Zero-downtime deploys: New container starts and passes health checks before old container stops. Traffic switches atomically. Zero dropped requests.

Rollback: If a new deployment starts failing health checks, the platform should revert to the previous container automatically or provide a one-click rollback.

Resource limits: Specify CPU cores and memory per container. Prevents a misbehaving container from consuming all host resources.

Private networking: Containers communicate over internal network without traffic leaving the host.

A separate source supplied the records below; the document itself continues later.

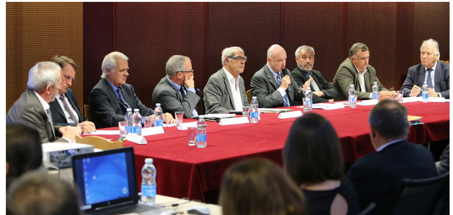
Le GIP Agrolandes Développement installé le 16 novembre 2015

L'objectif et l'ambition de cette démarche est de devenir « le centre de référence national et international » sur les thématiques d'excellence du technopôle et favoriser ainsi l'implantation d'entreprises et de projets sur le parc d'activités.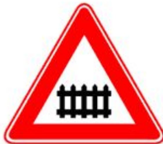
Железнодорожный переезд со шлагбаумом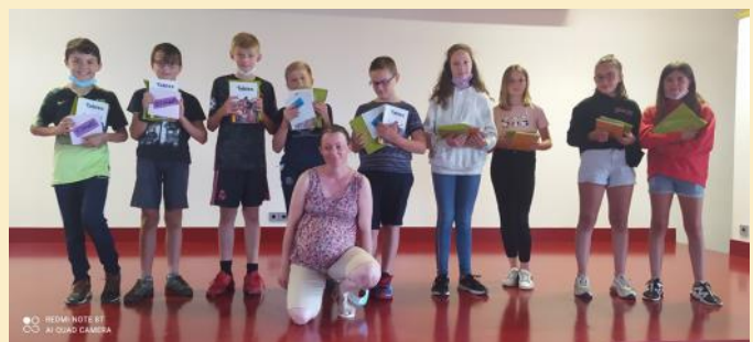
Remise des calculatrices aux CM2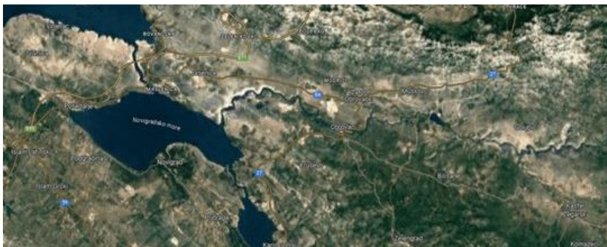
Slika 2: Satelitski prikaz grada Obrovca

Obrovac je maleni grad koji se nalazi na raskrižju puteva između regija Like, odnosno Velebita, i Dalmacije. Smješten je uz rijeku Zrmanju nedaleko od njenog ušća u Novigradsko more. Na području grada Obrovca se nalazi ukupno 12 naselja, koja obuhvaćaju Bilišane, Bogatnik, Golubić, Gornji Karin, Kaštel Žegarski, Komazeci, Krupa, Kruševo, Muškovci, Nadvoda, Obrovac i Zelengrad. 1 Obrovac se nalazi unutar administrativne jedinice Zadarske županije, koja broji ukupno 160.340 stanovnika. Međutim, Obrovac ima relativno manju populaciju s 3.608 stanovnika, što čini samo 2,25% ukupnog stanovništva Zadarske županije. 2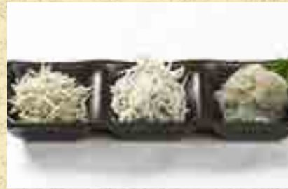
しらすの三種盛合せ 480円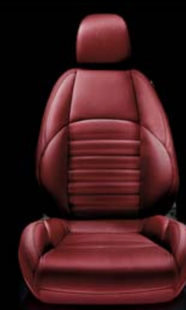
Exklusiv-Leder VENERE Rosso (Innencode 901 ) (optional)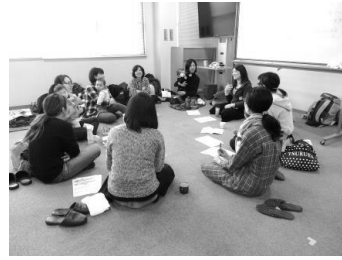
車座になってみんなで情報交換

参加されたみなさんからも、「みなさんとアイデアを出し合えてよかった。」「おむつの当て方や、洗い方を教えてもらえた。」「楽しみながら、こどもと一緒にやっていきます。」など感想を頂き、みなさん今回の談議を楽しまれたようでした。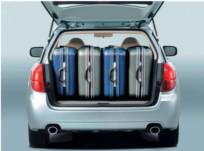
Subaru Outback si oblíbily také početnější rodiny díky jeho pohodlnosti a možnosti převézt i větší množství zavazadel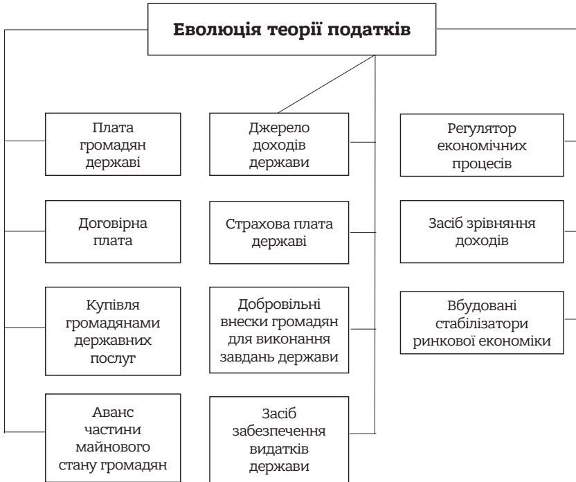
Схема 1. Еволюція теорії податків

У більшості сучасних слов'янських мов відповідники слова «податок» зберегли свою спільну кореневу основу: білоруською – padatak , польською – podatek , словацькою та чеською – daň , словенською – davek , болгарською – данък . У той же час в російській – налог , боснійській, хорватській та сербській – porez та poroz , відповідно.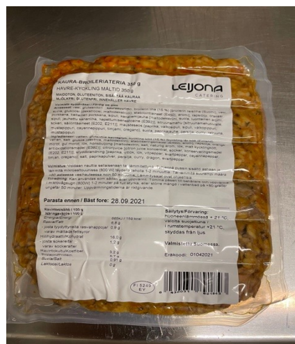
Kuva 3: Vakuumpakkaus

Säilytystiloissa tarjottavan ruuan toimittaa Leijona Catering. Ruoka-annokset tulevat vakuumpakkauksissa ja ne lämmitetään sirkulaattorilla vesihauteessa. Tarjolla on viisi eri ateriavaihtoehtoa, joten aina neljän päivän välein ateriakierto alkaa alusta. Vapautensa menettäneille tarjotaan aamiainen, lounas, päivällinen ja iltapala. Erityisruokavaliota (esim. terveydellisistä tai uskonnollisista syistä) noudattaville on saatavilla heille soveltuvaa ruokaa joka päivä, myös viikonloppuisin.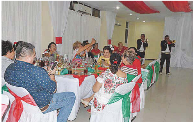
► Degustando de la cena preparada para la ocasión.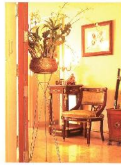
ภาพแสดงการจัดวางของตกแต่งในห้องนั่งเล่น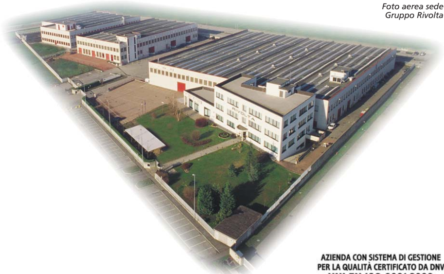
Foto aerea sede Gruppo Rivolta

SP 229 Contrada Casazze I-95040 Piano Tavola (CT) Tel. e Fax 095.71.31.637 e-mail: dcatania@rivoltagroup.com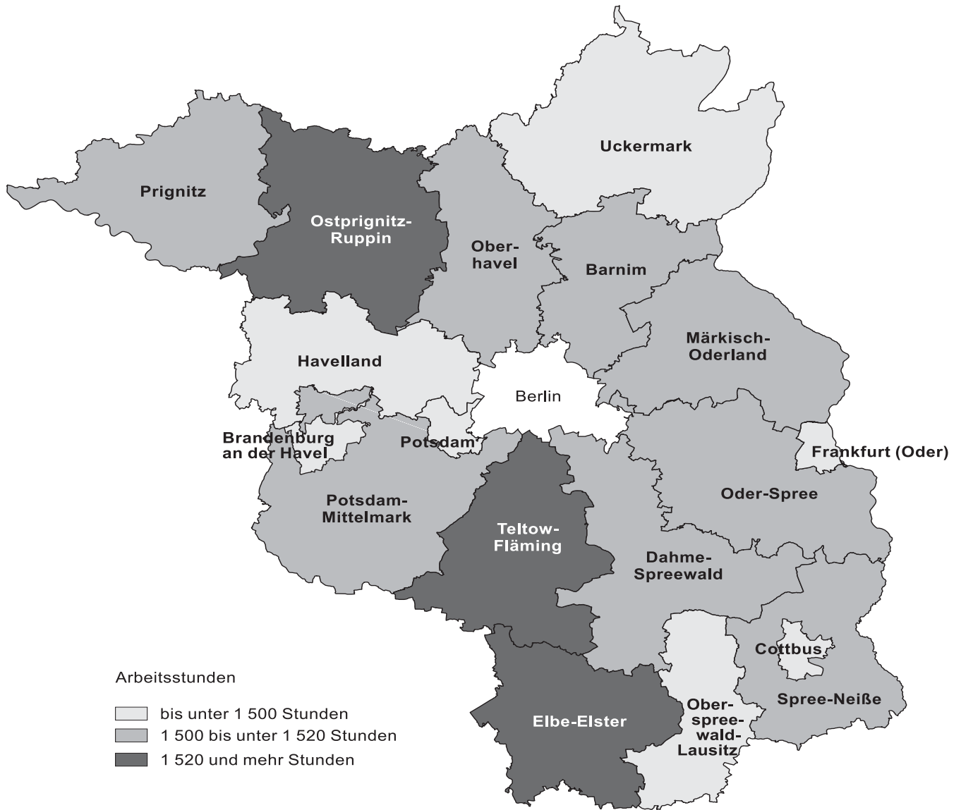
Geleistete Arbeitsstunden je Erwerbstätigen im Jahr 2007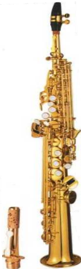
Modell TMB 15-2000

wie Modell 15-200 A, jedoch Antique Gold Finish €uro 640,-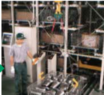
信長の腕は、片手でシッカリと簡単に掛かる。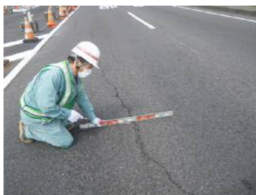
〈路面状況確認（わだち発生）〉

・異常時巡回は、台風などの異常気象及び地震発生時等に、道路施設の被災状況、通行可否等の確認のため適宜実施します。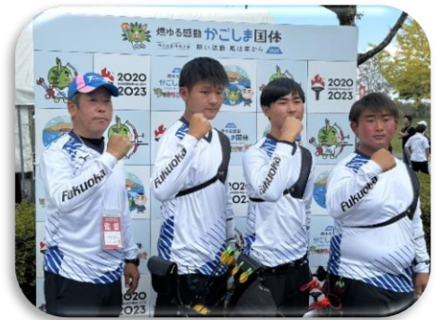
【アーチェリー競技 少年男子】

また、成年女子、少年女子も予選リーグを突破し、5位入賞を果たした。 (競技別総合成績 3位 )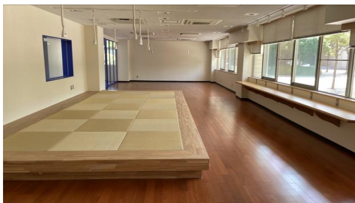
経済学部棟1階の「キャンパススクエア」 琉球畳が敷かれ、学生たちが共同作業や歓談をする スペースとして大いに活用されている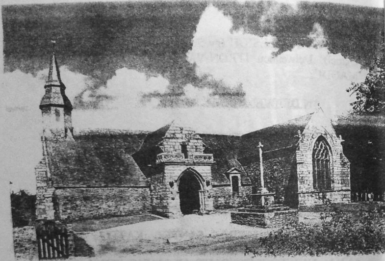
Ar chapel gwelet en he fezh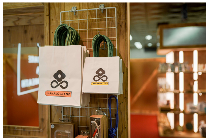
「Hanako Stand Shibuya」店舗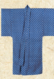
紺地左三ツ巴紋 散文様 藍型芋麻衣裳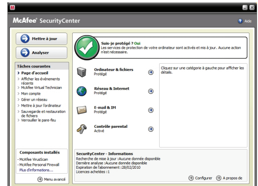
« Console de sécurité » conviviale et intuitive

Remarque : une connexion à Internet est indispensable pour installer ce logiciel de sécurité, recevoir les mises à jour automatiques ainsi que les mises à niveau et ainsi bénéficier d'une protection actualisée.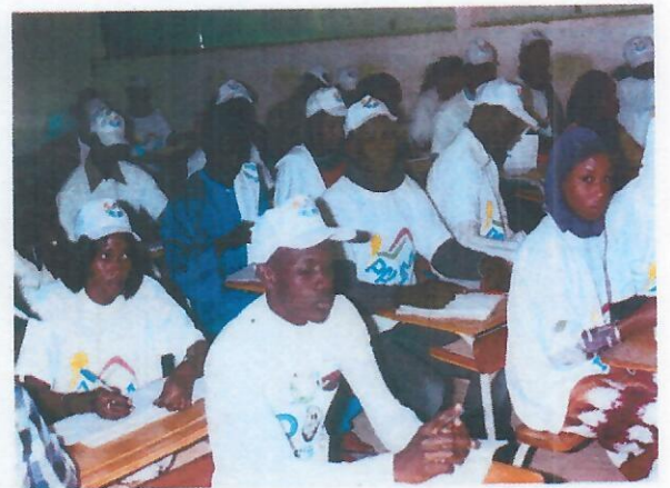
Les volontaires du PALAM en formation au CRFPE de Diourbel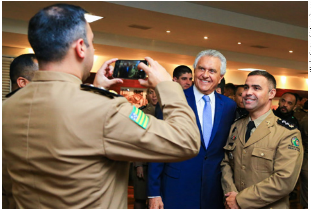
Governador Ronaldo Caiado e primeira-dama Gracinha Caiado recebem, em sua residência oficial, militares recém-promovidos da PMGO

Na oportunidade, o governador também agradeceu o trabalho da tropa na segurança pública, destacando que Goiás é referência nacional no combate à criminalidade. Segundo a Secretaria de Segurança Pública (SSP), no primeiro semestre deste ano houve queda de 80% no número de latrocínios no estado, em relação ao mesmo período do ano passado.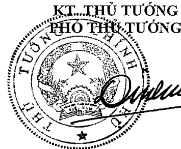
Vương Đình Huệ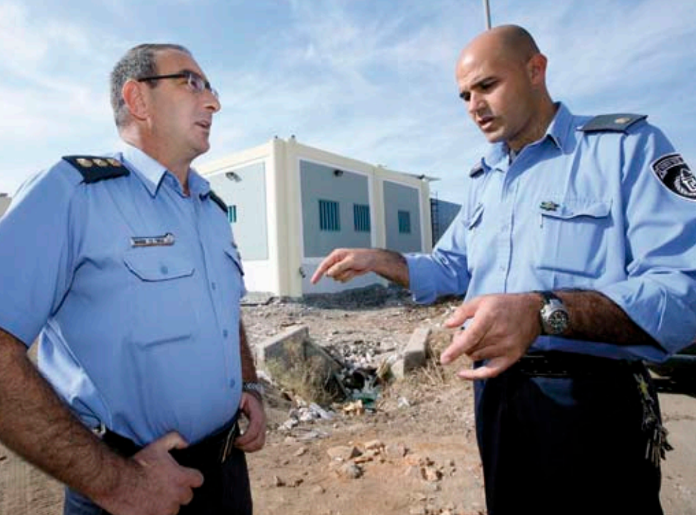
לאחרונה נחנך בכלא אגף מיוחד לעצורים, אגף זה ישרת את יחידות המחוז הצפוני של משטרת ישראל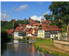
Kronach Festung Rosenberg und Altstadt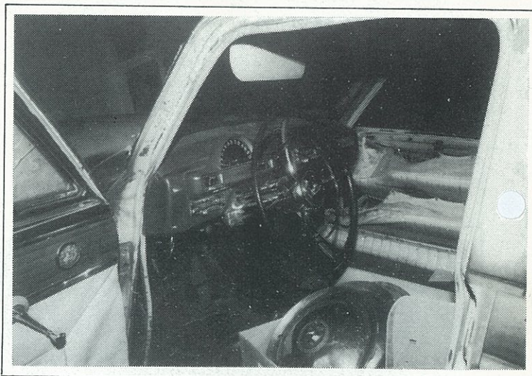
Mælaborðið er glæsilegt, heilmikið króm og ekki er stýrið síðra!

skipt um bæði frambrettin, sem voru farin að ryðga, og bíllinn búinn undir sprautun. Allt króm var tekið af honum, búið er að grunna og spársla að hluta, en síðan ekki söguna meir! Þannig lítur bíllinn enn út í dag, allt króm er fyrir hendi og mest af því í góðu ásigkomulagi, byrjað hefur verið á endurbótum á áklæði sem annars virðist vera í samilegasta standi. Mælaborðið og stýrið er sérlega glæsilegt, mikið krómað og skemmtilega útfært.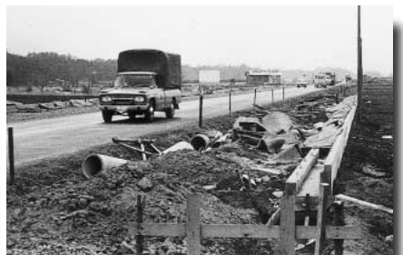
昭和42年 県道大宮・栗橋線開通（現さいたま・栗橋線） 同年開催の埼玉国体に合わせて造られました。この周辺は10年後に西地区の住宅用地として整備されました。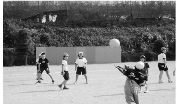
縦割り班での遊び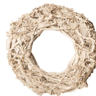
Cod: R 0021/BI Des: Corona bastoncino/vite 45cm bianca Note: 45x45x10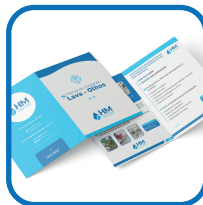
1 Manual do usuário.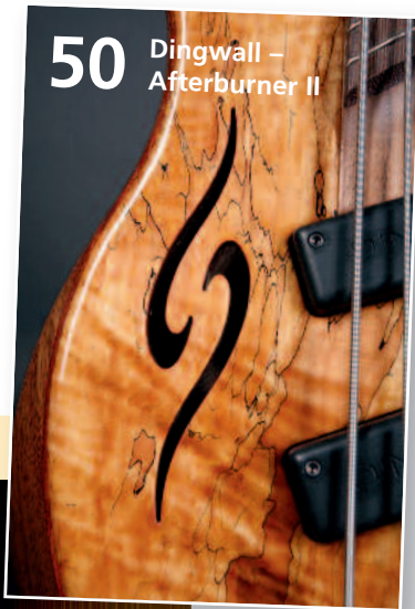
50 Dingwall – Afterburner II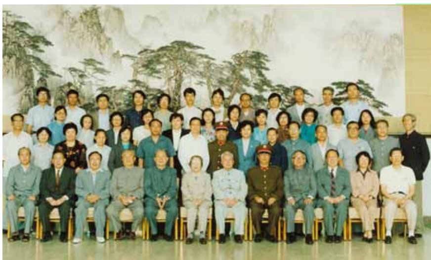
1987年6月10日，中国人口福利基金会成立留影（中南海西花厅）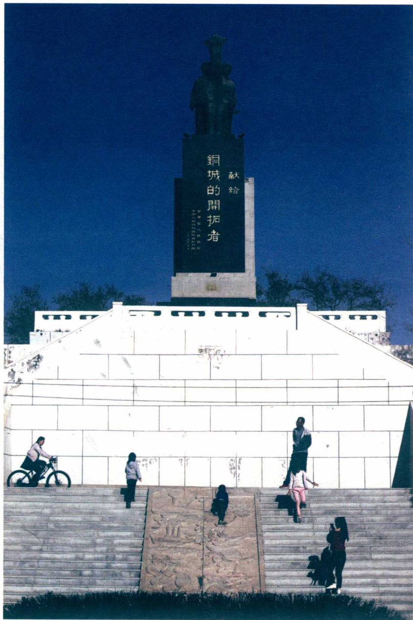
白银市标志性建筑——“献给铜城的开拓者”雕像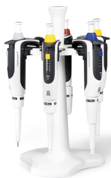
Fig. Kit de pipettes 2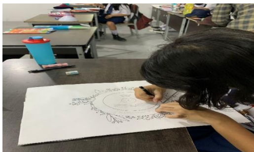
Gambar 1.

Siswa membuat dahulu gambar sesuai dengan kreasi mereka sendiri ,lalu gambar tersebut di desain sedemikian rupa dengan teknik yang sudah diajarkan oleh guru.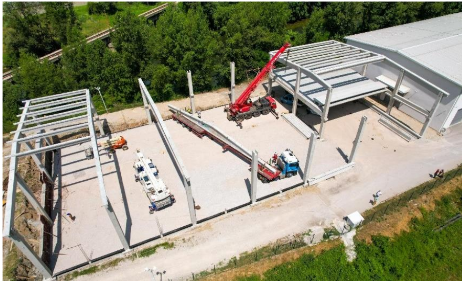
Slika 12. : Montaža uz pomoć autodizalice

Nadalje, ključno je analizirati statičke sustave elemenata tijekom i po završetku montaže kako bi se osigurala statička ravnoteža. Također je potrebno pravilno dimenzionirati ugrađena sredstva kao što su kuke i sustavi za obuhvaćanje te raspored mjesta zahvaćanja. [5]

Databases aren't exposed to the internet.

Persistent volumes: Platform-managed volumes that survive container restarts, with backup support.

SSH/exec access: The ability to run commands inside a running container is essential for debugging. docker exec -it container_id /bin/sh should be available through the platform's UI or CLI.

The Docker ecosystem has made application packaging solved. The remaining variable is where you run those containers. Platforms that treat Docker as a first-class deployment primitive — not an afterthought — give you the full benefit of containerization without rebuilding your application around platform-specific abstractions.